Route information
- Maintained by Puerto Rico DTPW
- Length: 2.1 km (1.3 mi)

Major junctions
- West end: PR-152 / PR-164 in Achiote–Naranjito barrio-pueblo
- PR-825 in Achiote; PR-148 in Guadiana;
- East end: PR-164 in Nuevo

Location
- Country: United States
- Territory: Puerto Rico
- Municipalities: Naranjito

Highway system
- Roads in Puerto Rico; List;
| ← PR-146 |  | → PR-148 |

= Puerto Rico Highway 147 =

Highway in Puerto Rico

Puerto Rico Highway 147 (PR-147) is now the PR-5 in Naranjito, Puerto Rico. This highway was extended from PR-164, west of downtown Naranjito, to PR-148, east of downtown area.

==Route description==
Puerto Rico Highway 147 was a bypass that served as an alternate route for PR-164 to avoiding downtown Naranjito.

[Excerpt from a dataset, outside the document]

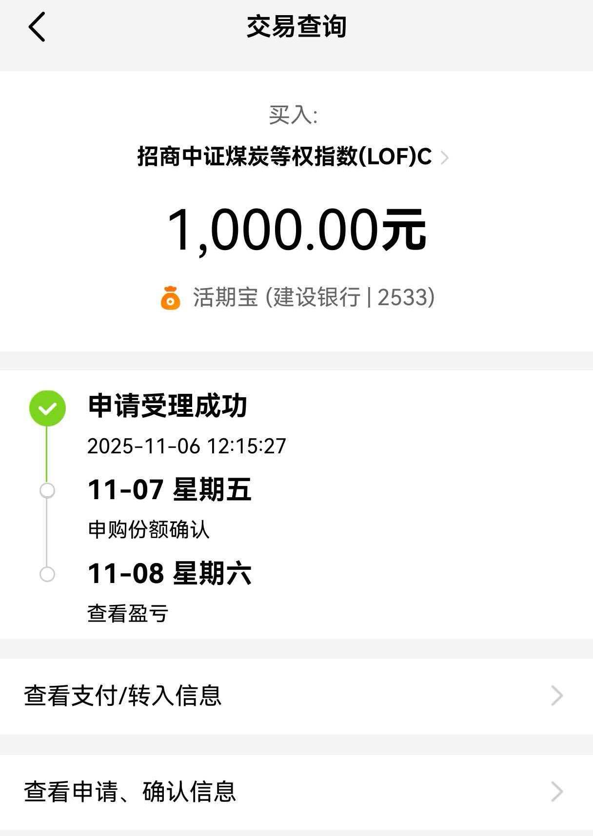 基于行业基本面与市场趋势的双重支撑,果断选择再次加仓招商中证煤炭等权指数C(013596)1000元,以把握本轮周期性机会。

The entire route, which is the current PR-5, has two lanes per direction, and passes through Achiote, Guadiana and Barrio Nuevo.

==History==
The former PR-147 ran from its intersection with PR-164 to former east–west portion of PR-148 (current PR-5), as a bypass to the north part of downtown area. After extending the PR-5 number from Bayamón to Naranjito, the PR-147 numbering was decommissioned, leaving an unsigned portion between PR-5 and PR-164 in the east of downtown.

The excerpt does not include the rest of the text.